I finished the resource mapping for Rise of Rome (I might've missed some, and there's areas I just went scattershot through a combination of my broad strokes mapping and naturally dense terrain, but close enough), and as predicted, every civ has plenty of wheat already among others. I'd rather each civ have like twenty of most resources and sparse on the rest than have any civ be screwed on resources altogether, though, so it's a healthy direction to take things in. The other thing I did was the pediaicons and civilopedia for about half the buildings I need to make. Not wonders, not great wonders. Just buildings, there's about 70 left but I've gone through an extensive number already. And mind you this isn't adding them into the game (that's a pain because it often has a glitch; you need to take them one at a time, gradually, and double-check your work ten times to ensure it's right), but it's a necessity to do before adding to the game. I could've done more, but I was feeling burned out, so dabbled in Majesty again. Conclusion: mods are insanely fun to play, and worked better than I could ever hope them to. City-building becomes a cinch with the combination of brokenly fast peasants (it's nigh-impossible to lose a building and even impossible-to-build buildings can be built using it), brokenly fast tax collectors (getting the money), and the marketplaces which at high enough levels rake in 4,000 gold per deposit (and have multiple deposits per day)--plus even over the minimum distance, trade caravans depositing that same amount. Four marketplaces each at a ballpark figure of something like 20,000 per day = ~80,000 in no time flat, when the gold cap is 2,000,000. Not instant-refill, but fairly close. If you try, you can drain your treasury even when maxed out, if setting reward flags to like 111,100 and spamming them--but that's pretty much what you need to do and even then you need to keep it up to so much as maybe drain the treasury. ...But since city-building is what I most enjoy in the game...this is no problem to me. I am very happy with everything. ...But I am doing things that are time-consuming.
Well, I suppose work is both in the sense that it is literally draining me and leaving me half-dead, but that's nothing new.
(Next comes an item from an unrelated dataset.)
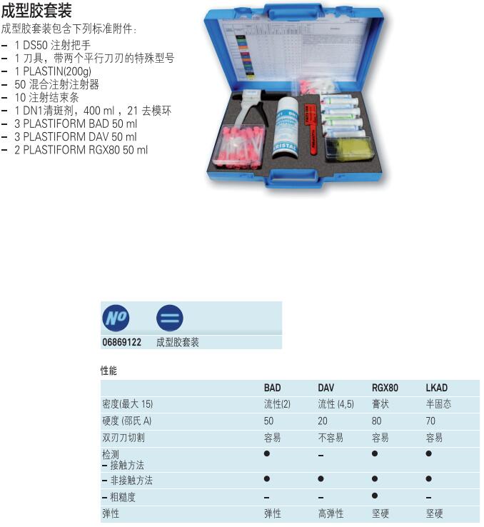 "PLASTIFORM成型膠"產品允許復制成型復雜的內加工部件,以便使用光學,非接觸測量儀進行觀測和檢查。"PLASTIFORM成型膠"包括兩部分組成,它需按相同比例的混合以達到合適的聚合。需要重新復制成型的測試部件表面必須非常干凈,表面不得有油類物質。
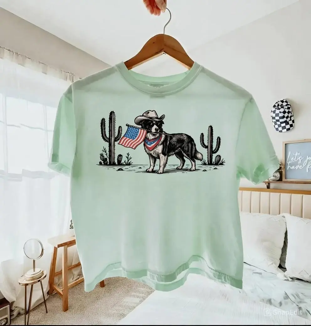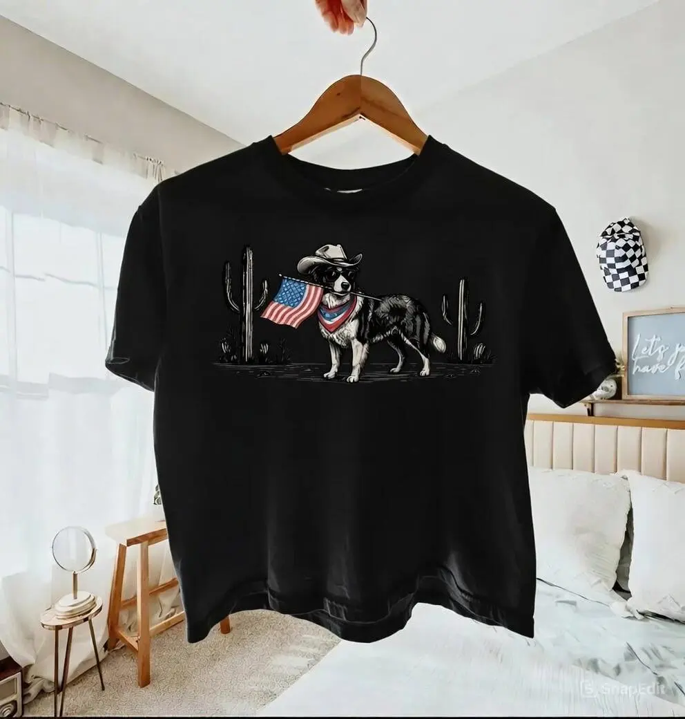 American Flag Dog Cowboy T-Shirt 2026 - Patriotic Border Collie Gift Shirt | Unisex Retro Top

In terms of my pet project on the civ game, what I am doing is taking a ridiculously long time. I finished detailing the map in one night when I was worried I still had half a week's worth of work left on it. I expected adding resources to take me a single night's worth of work to plow through everything. ...Two nights in. ...And I'm not even done with Rise of Rome; I still have Fall of Rome, The Middle Ages, Age of Discovery, Napoleonic Era, and two different maps of the world to add in on top of that. I also am considering taking a small break on it to instead play some Majesty. A few mods have come out that were really good mods. There was a quest released with three key functions. Upgrading guard towers (later at my suggestion expanded to include ballista towers and wizard towers), later released as a game mod; upgrading monster lairs, later released as a game mod (not one I'm interested in tho); and upgrading marketplaces--the mod that just released. On top of that, you have a mod to get rid of the freakin' plague. Plague is literally the most annoying thing ever. If it were just a debuff of stats, and/or a minor continuous sap on health a la a weaker poison, I'd be fine with it--but it slows units to a crawl. I love the concept of it spreading...but it spreads faster than you can cure it when you have a mass of units, and it can literally cause the death of your fun playthrough of the scenario because even with a team of 30 healers, a treasury full of gold, and casts of heal, it's difficult to outright impossible to purge the plague altogether. Another interesting mod was destroyable sewers; not sure if I'll use it, but it's certainly an interesting idea that holds promise. And then there's the faster peasants mod to augment the faster tax collectors. All in all, lots of good quality content being made for that game and I want to take it for a spin. Uhhh uhhhh...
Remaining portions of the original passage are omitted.